Copying global on-device pointer address back and

I created a buffer on the OpenCL device (a GPU), and from the host I need to know the global on-device pointer address so that I can put that on-device address in another buffer so that the kernel can then read from that buffer that contains the address of the first buffer so that then it can access the contents of that buffer.

If that's confusing here's what I'm trying to do: I create a generic floats-containing buffer representing a 2D image, then from the host I create a todo list of all the things my kernel needs to draw, which lines, which circles, which images... So from that list the kernel has to know where to find that image, but the reference to that image cannot be passed as a kernel argument, because that kernel might draw no image, or a thousand different images, all depending on what the list says, so it has to be referenced in that buffer that serves as a todo list for my kernel.

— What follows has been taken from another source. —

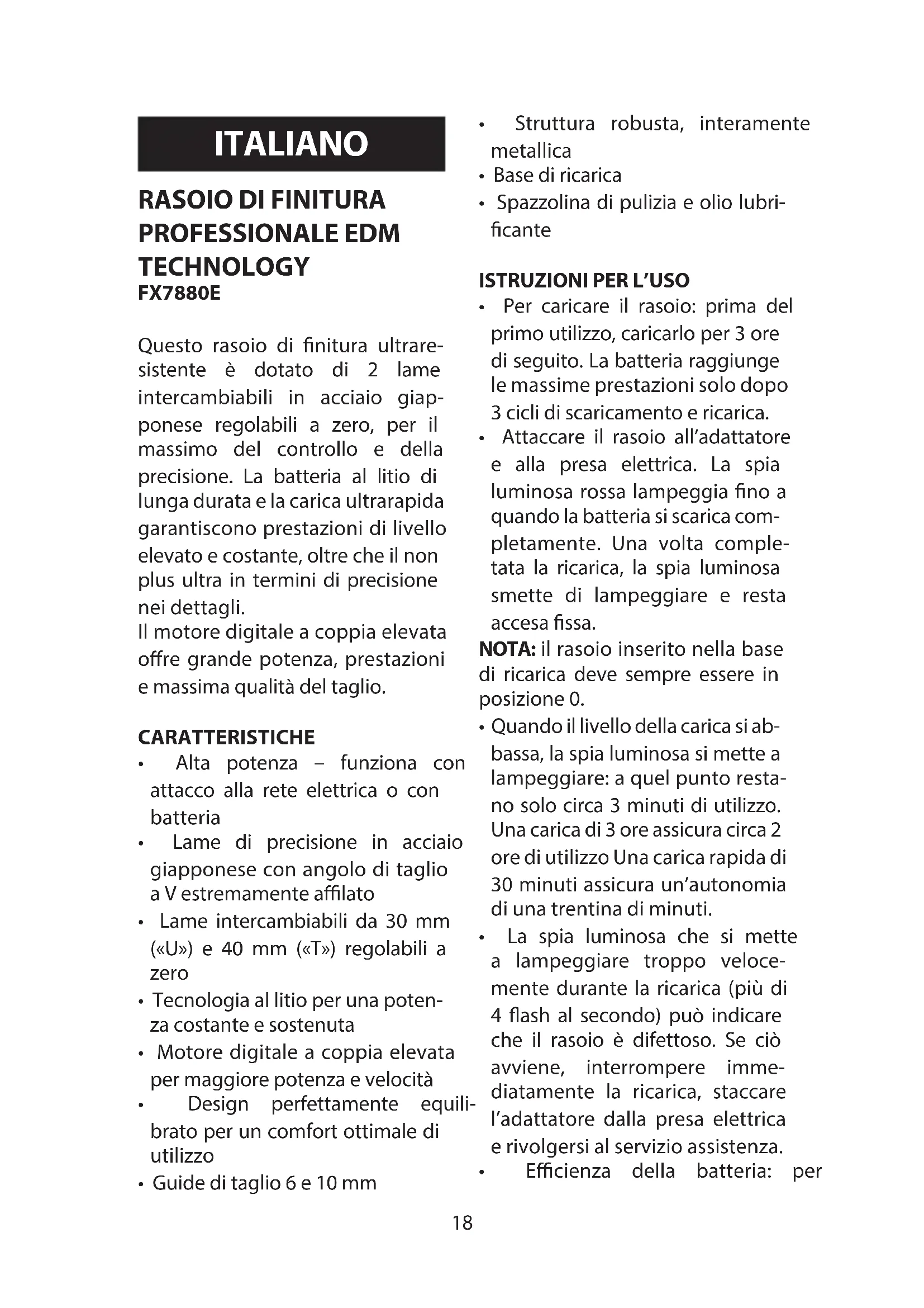 PROFESSIONALE EDM TECHNOLOGY FX7880E Questo rasoio di nitura ultrare- sistente è dotato di 2 lame intercambiabili in acciaio giap- ponese regolabili a zero, per il massimo del controllo e della precisione. La batteria al litio di lunga durata e la carica ultrarapida garantiscono prestazioni di livello elevato e costante, oltre che il non plus ultra in termini di precisione nei dettagli. Il motore digitale a coppia elevata ore grande potenza, prestazioni e massima qualità del taglio. CARATTERISTICHE

The awkward way I've done it so far:

To do so I tried making a function that calls a kernel after the creation of the image buffer that gets the buffer and returns the global on-device address as a ulong in another buffer, then the host stores that value in a 64-bit integer, like this:

uint64_t get_clmem_device_address(clctx_t *clctx, cl_mem buf)
{
    const char kernel_source[] =
"kernel void get_global_ptr_address(global void *ptr, global ulong *devaddr)        \n"
"{                                          \n"
"   *devaddr = (ulong) ptr;                             \n"
"}                                          \n";

    int32_t i;
    cl_int ret;
    static int init=1;
    static cl_program program;
    static cl_kernel kernel;
    size_t global_work_size[1];
    static cl_mem ret_buffer;
    uint64_t devaddr;

    if (init)
    {
        init=0;
        ret = build_cl_program(clctx, &program, kernel_source);
        ret = create_cl_kernel(clctx, program, &kernel, "get_global_ptr_address");
        ret_buffer = clCreateBuffer(clctx->context, CL_MEM_WRITE_ONLY, 1*sizeof(uint64_t), NULL, &ret);
    }
    if (kernel==NULL)
        return ;

    // Run the kernel
    ret = clSetKernelArg(kernel, 0, sizeof(cl_mem), &buf);
    ret = clSetKernelArg(kernel, 1, sizeof(cl_mem), &ret_buffer);

    global_work_size[0] = 1;
    ret = clEnqueueNDRangeKernel(clctx->command_queue, kernel, 1, NULL, global_work_size, NULL, 0, NULL, NULL);         // enqueue the kernel
    ret = clEnqueueReadBuffer(clctx->command_queue, ret_buffer, CL_FALSE, 0, 1*sizeof(uint64_t), &devaddr, 0, NULL, NULL);      // copy the value
    ret = clFlush(clctx->command_queue);
    clFinish(clctx->command_queue);

    return devaddr;
}

Apparently this works (it does return a number, although it's hard to know if it's correct), but then I put this devaddr (a 64-bit integer on the host) in the todo list buffer that the kernel uses to know what to do, and then if necessary (according to the list) the kernel calls the function below, le here being a pointer to the relevant entry in the todo list, and the 64-bit address being the first element:

float4 blit_sprite(global uint *le, float4 pv)
{
    const int2 p = (int2) (get_global_id(0), get_global_id(1));
    ulong devaddr;
    global float4 *im;
    int2 im_dim;

    devaddr = ((global ulong *) le)[0];     // global address for the start of the image as a ulong
    im_dim.x = le[2];
    im_dim.y = le[3];

    im = (global float4 *) devaddr;     // ulong is turned into a proper global pointer

    if (p.x < im_dim.x)
        if (p.y < im_dim.y)
            pv += im[p.y * im_dim.x + p.x];     // this gives me a CL_OUT_OF_RESOURCES error, even when changing it to im[0]

    return pv;
}

~~but big surprise this doesn't work, it gives me a CL_OUT_OF_RESOURCES error, which I assume means my im pointer isn't valid.~~ Actually it works, it didn't work when I used two different contexts. But it's still pretty unwieldy.

Is there a less weird way to do what I want to do?

OpenCL standard doesn't guarantee that memory objects will not be physically reallocated between kernel calls. So, original Device-side address is valid only within single kernel NDRange. That's one of the reasons why OpenCL memory objects are represented on Host side as transparent structure pointers.

Though, you can save offset to memory object's first byte in 1st kernel and pass it to 2nd kernel. Every time you launch your kernel, you will obtain actual Device-side address within your kernel & increment it by saved shift value. That would be perfectly "legal".